4) Will the impact of this policy change be disparate, more likely to (negatively!) impact students from poorer families, who went to less well-endowed high schools, who are more likely to be Black/Hispanic? Of course! How could it not?

As usual, I — who am often accused of racism and classism — am left to defend the interests of the poor and the POC. Will rich white kids be hurt by this? No. They went to Andover! They have well-connected parents who will tell them what’s-what. They will take four courses, regardless of what the faculty does today.

Decreasing the course load from four to three courses will hurt Williams students in aggregate, but it will hurt the least privileged among them the most.

5) Why hasn’t the Administration provided more details about the options available?

In addition, a number of courses, especially large lecture courses, will have to be at least partially remote due to social distancing requirements.

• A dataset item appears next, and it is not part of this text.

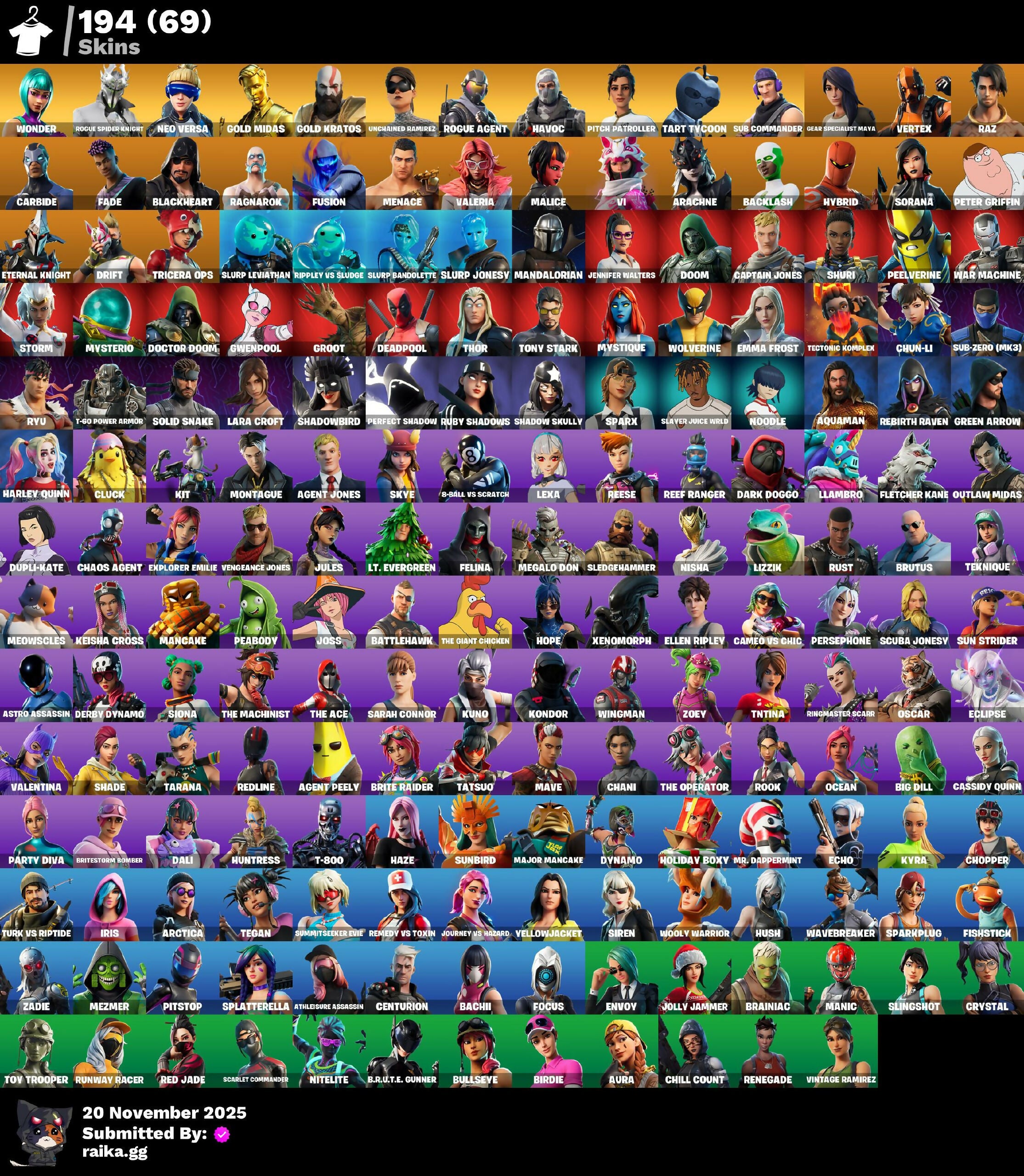 [PC/PSN/XBOX] 194 skins | Wonder | Rogue Spider Knight | Neo Versa | Gold Midas | Gold Kratos | Unchained Ramirez | Rogue Agent | Havoc | Pitch Patroller | 300 VB
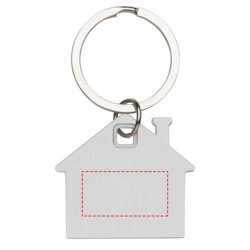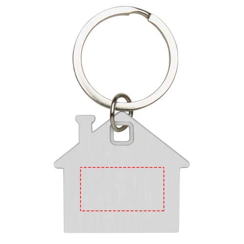 Брелок для ключей в форме домика с пластиной из нержавеющей стали с матовым узором спереди и сзади и цветной пластиковой фишкой посередине.

Williams has a lot of classrooms. And a lot of faculty. And there are a lot of hours in the day. Why not offer classes at 8:00 AM or 7:00 PM? Why not have some of the (many!) faculty in administrative roles teach a full load, or at least half a load? It is really not that hard to provide a full set of 8,000 classroom seats (2,000 students times 4 classes each) while maintaining social distancing. No More Lectures!

At the very least, were I a faculty member, I would want a lot more details on why this change is necessary. And I would be pissed about not being better consulted earlier in the process. I decide what qualifies a student to be a graduate of Williams, not Maud Mandel.

Questions: What do you think the faculty will do? What do you think they should do?

My answers: I don’t know what they will do. (My sources are silent!) I think they should vote “No” and force Mandel back to the drawing board.